Major manufacturers like British American Tobacco (BAT) have been fined as recently as 2014 for deliberately oversupplying certain markets, and all indications suggest that the industry hasn’t cleaned up its act since. “Ex-employees insist [tobacco firms] remained actively involved, describing ‘rampant smuggling’ throughout the Middle East, Russia, Moldova and the Balkans,” asserts a detailed study from the Tobacco Control Research Group, pointing also to the illegal import and export of goods throughout Africa.
Front groups and suspicious “solutions”
Worse still, the tobacco manufacturers have been relentless in their efforts to secure control over global track and trace efforts in a bid to manipulate them for the industry’s own ends. PMI previously developed its own “track and trace system”, Codentify, which it licensed for free to the other major tobacco companies. The FCTC’s Illicit Trade Protocol, however, is clear: methods of tracking and tracing tobacco products cannot be left in the hands of the industry.
Enter the Digital Coding and Tracking Association, just one of a “complex system of front groups and third parties” established by the tobacco industry as a means of aggressively promoting Codentify to authorities.
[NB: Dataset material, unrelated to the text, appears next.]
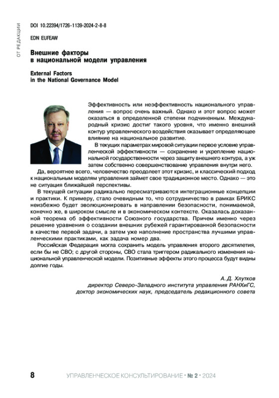 ХЛУТКОВ А. Д. ВНЕШНИЕ ФАКТОРЫ В НАЦИОНАЛЬНОЙ МОДЕЛИ УПРАВЛЕНИЯ // УПРАВЛЕНЧЕСКОЕ КОНСУЛЬТИРОВАНИЕ. 2024. № 2 (182)

In 2016, the Association sold Codentify to a new company, Inexto, for one swiss franc; a PMI spokesman soon after declared Codentify compliant with the WHO’s Framework Convention on Tobacco Control.
Regulatory pundits, fortunately, haven’t been so easily convinced. “This has to be one of the tobacco industry’s greatest scams,” commented Professor Anna Gilmore. “Not only is it still involved in tobacco smuggling, but big tobacco is positioning itself to control the very system governments around the world have designed to stop companies from smuggling.”
Can the EU’s system achieve its aims?
Big Tobacco’s relentless campaign has nonetheless borne some fruit. The EU Commission has itself opted for a so-called “mixed solution” for the track and trace system set to be implemented later this month, leaving key responsibilities in tobacco manufacturers’ hands. A secondary data repository, for example, will be operated by Dentsu Aegis, a firm already criticized for its ties to Big Tobacco. What’s more, a number of member states are relying on ID issuer Atos or its subsidiary Worldline—a problem given that Atos was involved in Codentify’s development and has promoted the industry-designed system in the past.
A “mixed solution” may seem pragmatic on the surface, but the reality is far more sinister. Not only does the continued involvement of Big Tobacco go against the spirit and the letter of the FCTC’s vision of an independent track and trace system, but the tobacco industry has shown time and time again that it simply can’t be trusted. PMI’s new blockchain project, then, threatens to just be more of the same smoke and mirrors the industry is known for.